The appellant argues that the city did not have sufficient notice of the dangerous condition of the shed. In the case of Nesbitt v. City of Greenville, 69 Miss. 22, *30210 So. 452, where a water tank erected in one of the streets fell and killed one Nesbitt, as to the duty of the city, the Court held: “We do not dissent from the elementary principle that before the municipality can be held liable for injuries resulting from nuisances or defects in its streets, it must have knowledge of the nuisance or the defect, and its danger. Notice theré must be to charge the municipality, but this notice may be actual or constructive or implied.

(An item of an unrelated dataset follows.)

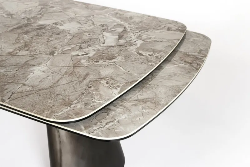 PIANO IN CERAMICA EFFETTO GRIGIO CARNICO LUCIDO E STRATO INFERIORE PIANO IN VETRO TEMPERATO. SUPPORTO PIANO IN ACCIAIO VERNICIATO A POLVERE EPOSSIDICA. GAMBE IN ACCIAIO EFFETTO ARGENTO SCURO SPAZZOLATO. PROLUNGHE INDIPENDENTI. GAMBE DA ASSEMBLARE.
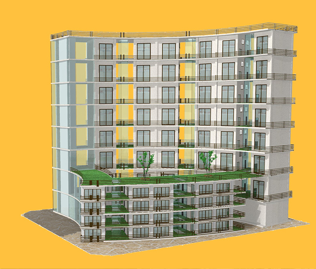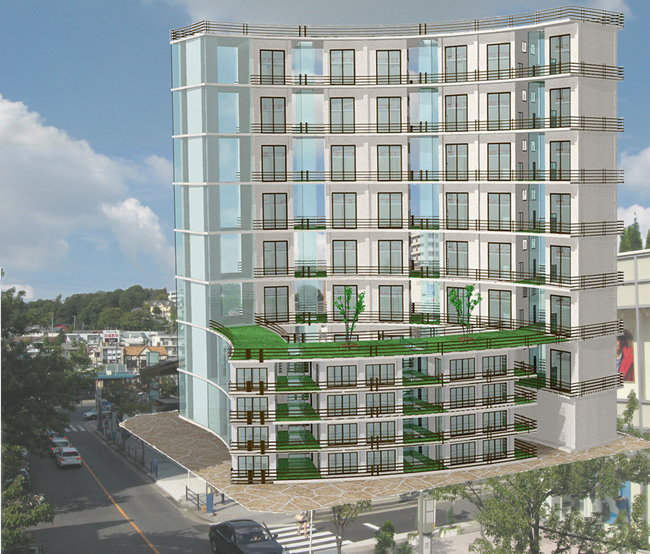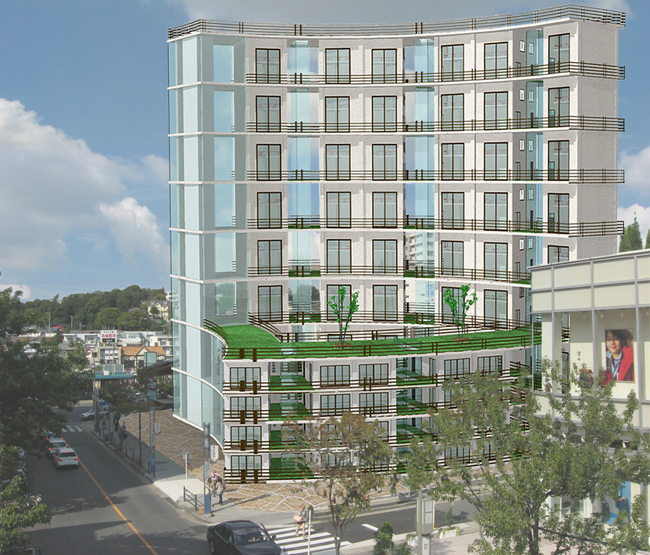 横田氏: 今回の作品は、2年生の時に設計し、村瀬先生の授業でCG化したものを、アワード用に修正したものです。背景画像の写真は、授業で提出した時は、現地が工事中でクレーン車があったり、曇っていたりでしたが、授業で提出しなければならないのでしょうがないや、みたいな感じで撮影したので、今回、写真を撮り直せてよかったです。

“Where the obstruction is created by the city itself, or where it permits an obstruction erected by another in its streets, it must take notice of such defects in the obstruction as ordinary care will discover. The structure in a street, to every part of which the entire public has the right of free access, must be erected in such manner and from such materials as to be reasonably safe, and it must be kept in this safe condition. Proper repairs, from time to time, are as much the duty of the city as a safe structure originally.

“Inseparably connected with this statement is another, viz.; that a municipality is liable for injury resulting from its defective structures where, by reasonable diligence, it might have acquired knowledge of such defect. The common knowledge of mankind is chargeable to a municipality also. The knowledge of the action of the elements on structures of wood, and of the liability of timber to decay under certain conditions, is to be attributed to municipalities, just as to natural persons. The duty of the municipality to exercise ordinary care to detect such natural decay, and to guard against injuries therefrom, follows necessarily . . . .”

We are of the opinion that under the facts established in this case that the question of constructive notice was for the determination of the jury. The question was fairly submitted to the jury under proper instructions, and we think that their verdict as to liability -was amply supported by the evidence.

*303 The evidence shows that the deceased was 55 years of age, and had a life expectancy of 17.78 years. The evidence further shows without conflict that the deceased suffered excruciating pain for approximately three days before he died. We are of the opinion that the damages allowed by the jury were grossly inadequate. It follows that this appeal is affirmed on direct appeal as to liability and reversed and remanded for a new trial on the issue of damages only.

Affirmed on direct appeal; Reversed and remanded on cross-appeal.

McGehee, C. J., and Kyle, Ethridge and Gillespie, JJ., concur.